The main reason for the attempt to pass such a law with such severe punishments if broken is that the town's 28,000 inhabitants apparently do not look after their health properly, making them more vulnerable to death, which would mean having to bury more corpses in the already full cemetery. Since the cemetery was inaugurated in 1910, over 50,000 people have been buried in 3,500 crypts and tombs. In November 2005, the cemetery was declared to be full and 20 recently deceased residents were forced to share a crypt, and several others were buried under the walkways.

The mayor, to support his uncommon proposal for a law, stated that 89% of the town is occupied by rivers, of which most are underground and serve as vital water sources for nearly two million people living in São Paulo, and that the remaining area is protected because it consists of tropical jungle. So, public land five times the size of the cemetery was set aside to provide space for a new one, which environmental experts claim will not affect water tables or surrounding tropical forest. The environment council decided to analyze such a solution carefully, while the state government had agreed to help build a new vertical cemetery; but, as of 2005, nothing has been done, and the law has not yet been passed, leaving the situation in suspense.

===France===
Three settlements in southern France have prohibited death. The mayor of Le Lavandou outlawed death in 2000, after planning permission for a new cemetery was turned down due to environmental concerns. He described the new bylaw as "an absurd law to counter an absurd situation". In 2007, Cugnaux also prohibited death, for similar reasons, and was subsequently granted permission to enlarge the local cemetery; inspired by the town's success, Sarpourenx was next to follow suit, in 2008.

===Japan===
The island of Itsukushima is considered a sacred location in Shinto belief, and is the site of the Itsukushima Shrine, a UNESCO World Heritage Site. Purity is of utmost concern in Shinto worship, and because of this, the shrine's priests have attempted to keep the island free of the pollution of death. Immediately after the Battle of Miyajima in 1555, the only battle to have taken place on the island, the victorious commander had the bodies of the fallen troops removed to the mainland, and ordered that the entire battlefield be cleansed of the blood that was spilled, to the point that buildings were scrubbed and blood-soaked soil was removed from the island. Retaining the purity of the Itsukushima Shrine is so important that since 1878, no deaths or births have been permitted near the shrine. To this day, pregnant women are supposed to retreat to the mainland as the day of delivery approaches, as are terminally ill or the very elderly whose passing has become imminent. Burials on the island are still forbidden.

===Spain===
Death has been prohibited in the Andalusian town of Lanjarón.

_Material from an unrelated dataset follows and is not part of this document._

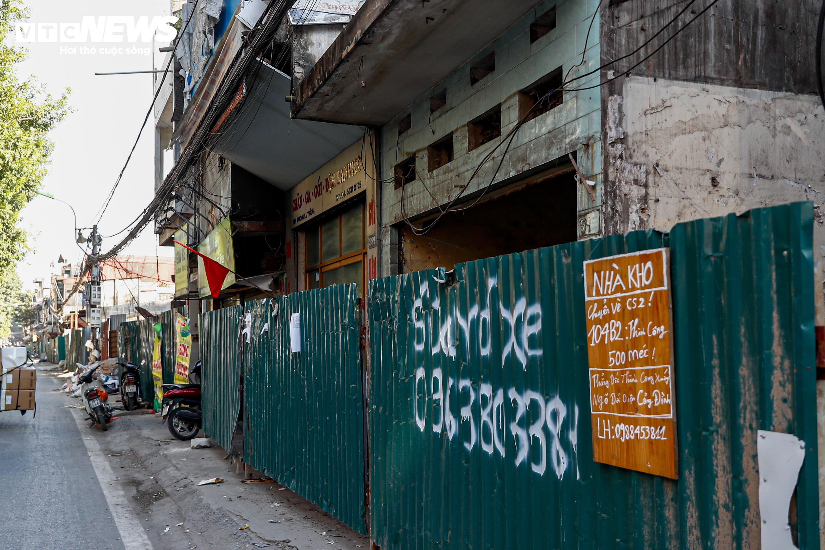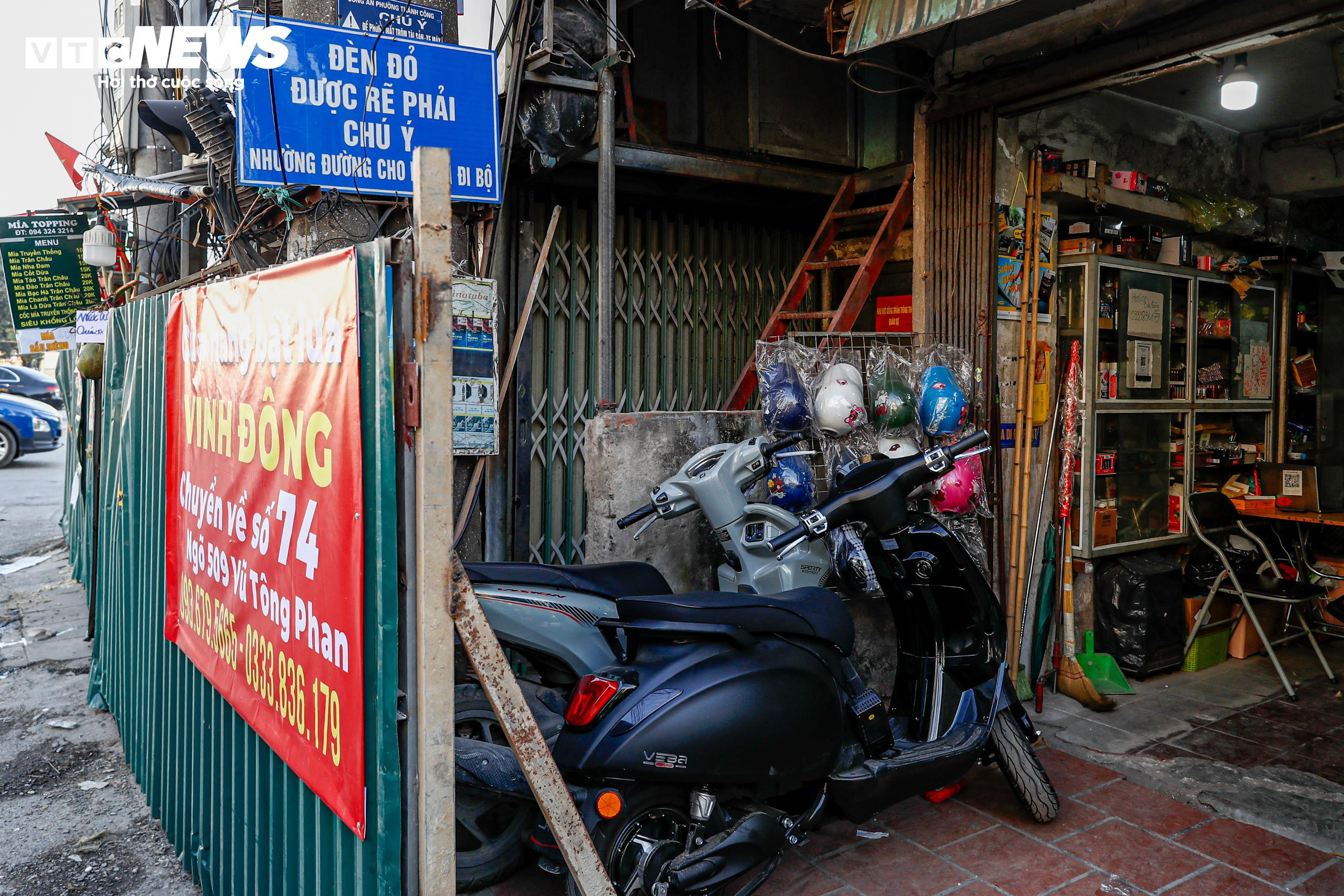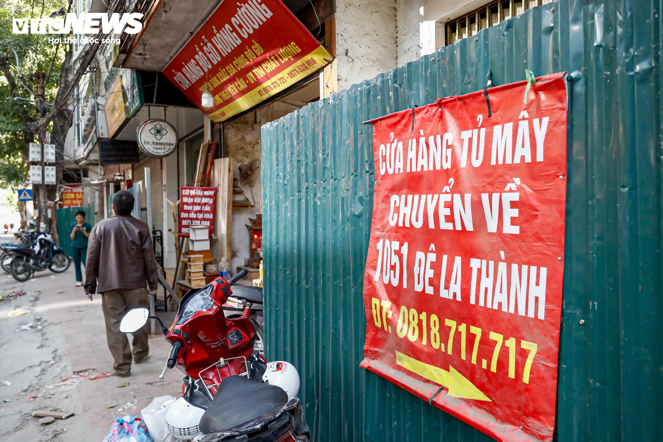 Nhiều cửa hàng trên phố Đê La Thành đã đóng cửa, treo biển chuyển địa điểm, người dân cũng gấp rút di dời tài sản.

The village, with 4,000 inhabitants, is to remain under this law until the government buys land for a new cemetery. The mayor who issued the edict explains that the awkward new law is his response to politicians urging him to find a quick fix for a long-lasting problem. The edict has become wildly popular amongst residents, even amongst political opponents of the mayor who issued the law, and was received with a sense of humor from most.

==Myths==
===United Kingdom===
A story sometimes reported in the United Kingdom states it is forbidden for commoners to die in a royal palace, such as the Palace of Westminster, on the grounds that anyone who dies in a royal palace is technically entitled to a state funeral. However, this has been proven to be a myth, as at least four people (Guy Fawkes, Walter Raleigh, Spencer Perceval and Alfred Billson) have died in the grounds of the Palace of Westminster without receiving a state funeral; instead, until 2013, the Coroner of the Queen's Household had jurisdiction over inquests into deaths in royal palaces, and it was often procedurally simpler to use ordinary coroners by declaring the individual dead on arrival at the nearest hospital.